*** Opening Entries provided ***

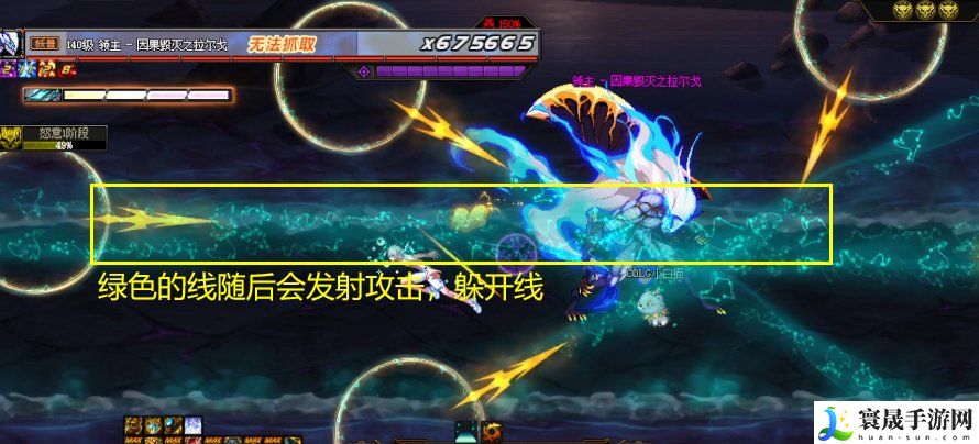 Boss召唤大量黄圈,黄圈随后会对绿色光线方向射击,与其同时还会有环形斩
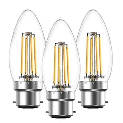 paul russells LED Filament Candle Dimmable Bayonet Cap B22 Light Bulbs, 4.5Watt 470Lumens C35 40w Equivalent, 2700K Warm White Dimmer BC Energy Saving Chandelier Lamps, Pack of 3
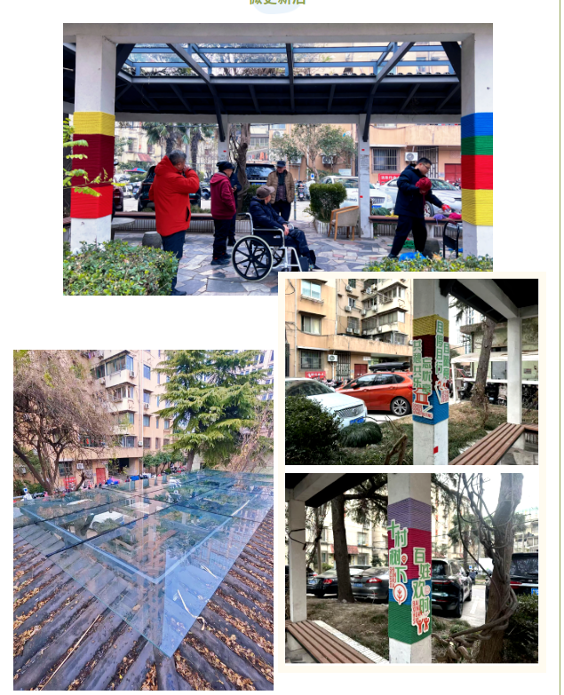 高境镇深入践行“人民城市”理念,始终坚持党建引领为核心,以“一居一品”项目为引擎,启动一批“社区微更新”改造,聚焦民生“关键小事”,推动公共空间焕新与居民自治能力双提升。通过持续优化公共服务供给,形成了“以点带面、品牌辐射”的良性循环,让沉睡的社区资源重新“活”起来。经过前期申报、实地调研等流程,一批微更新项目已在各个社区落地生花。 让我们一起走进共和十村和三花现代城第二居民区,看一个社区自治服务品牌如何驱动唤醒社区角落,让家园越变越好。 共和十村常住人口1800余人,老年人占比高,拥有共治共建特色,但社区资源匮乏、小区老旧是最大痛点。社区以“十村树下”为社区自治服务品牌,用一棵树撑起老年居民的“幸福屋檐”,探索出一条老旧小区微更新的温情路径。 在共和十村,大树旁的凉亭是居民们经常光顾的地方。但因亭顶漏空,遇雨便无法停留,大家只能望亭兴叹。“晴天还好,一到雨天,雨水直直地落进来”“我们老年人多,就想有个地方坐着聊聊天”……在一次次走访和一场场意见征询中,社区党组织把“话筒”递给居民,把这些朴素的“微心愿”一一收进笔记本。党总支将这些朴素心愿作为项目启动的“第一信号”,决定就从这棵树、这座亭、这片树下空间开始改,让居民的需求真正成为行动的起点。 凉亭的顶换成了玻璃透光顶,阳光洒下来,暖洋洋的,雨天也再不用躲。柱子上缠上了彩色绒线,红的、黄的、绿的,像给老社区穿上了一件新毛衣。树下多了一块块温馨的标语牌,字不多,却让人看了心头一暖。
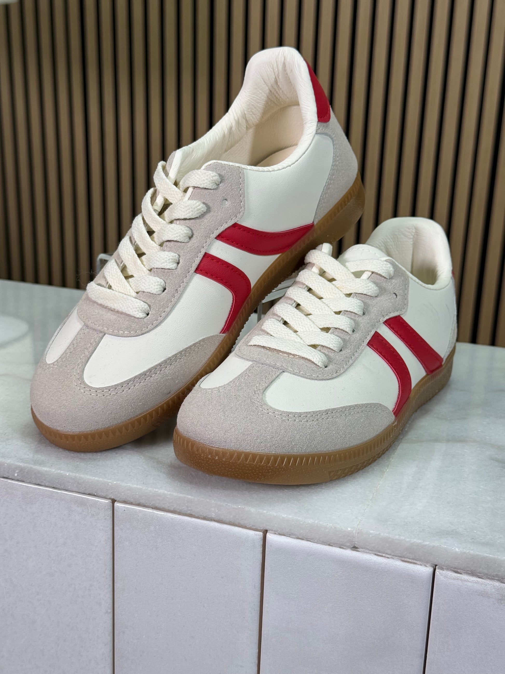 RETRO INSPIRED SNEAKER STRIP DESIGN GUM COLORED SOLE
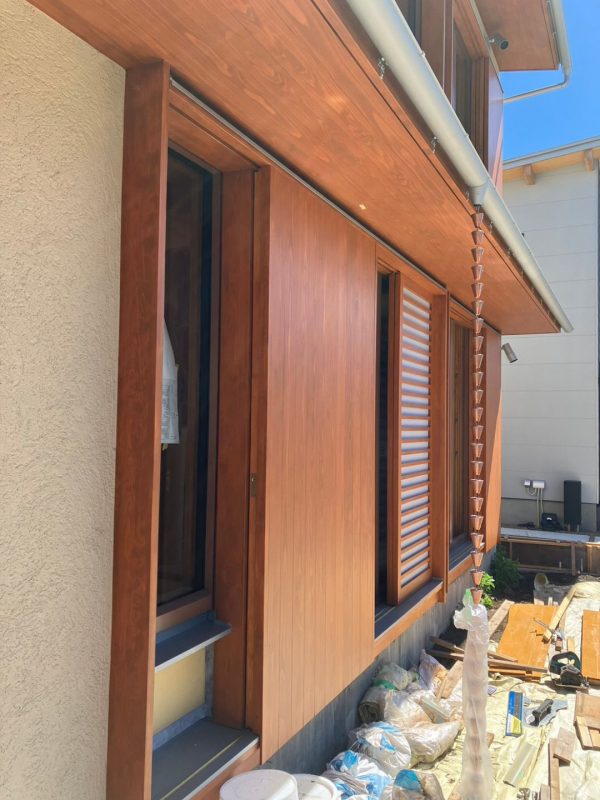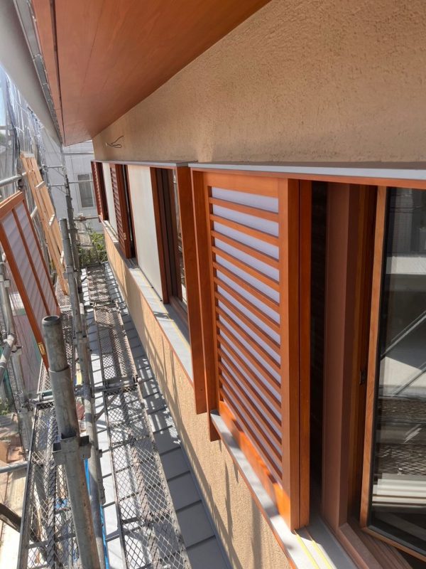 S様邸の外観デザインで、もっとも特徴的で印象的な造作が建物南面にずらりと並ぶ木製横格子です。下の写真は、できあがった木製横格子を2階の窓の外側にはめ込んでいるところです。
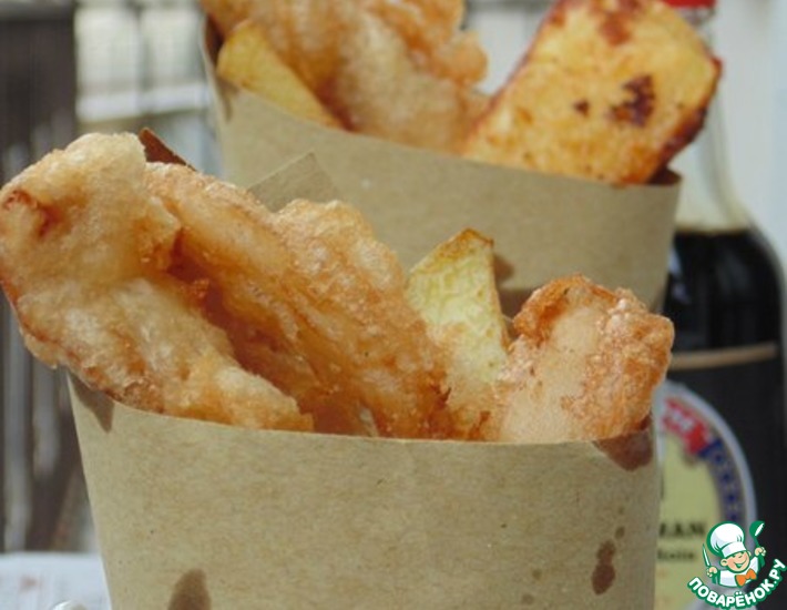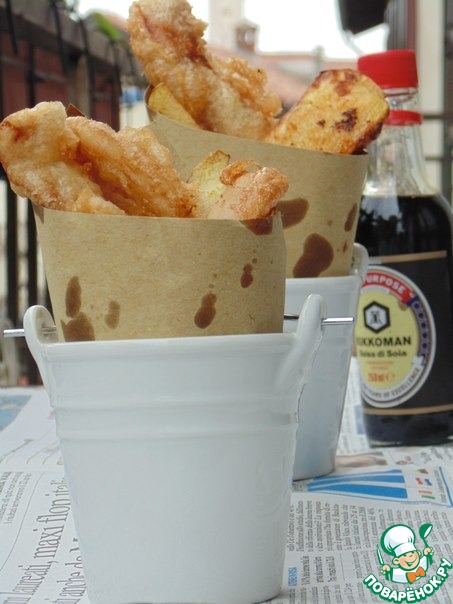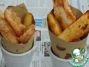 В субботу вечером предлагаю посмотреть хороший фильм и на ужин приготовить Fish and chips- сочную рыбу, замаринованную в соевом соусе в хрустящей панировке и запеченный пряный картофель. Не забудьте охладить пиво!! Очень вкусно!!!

*** Closing Entries provided ***

Exercise details
Take the records above from their first line through the line with "paul russells LED" and set those lines down word for word, minus the pictures.

Result of this exercise
 Boss召唤大量黄圈,黄圈随后会对绿色光线方向射击,与其同时还会有环形斩
 paul russells LED Filament Candle Dimmable Bayonet Cap B22 Light Bulbs, 4.5Watt 470Lumens C35 40w Equivalent, 2700K Warm White Dimmer BC Energy Saving Chandelier Lamps, Pack of 3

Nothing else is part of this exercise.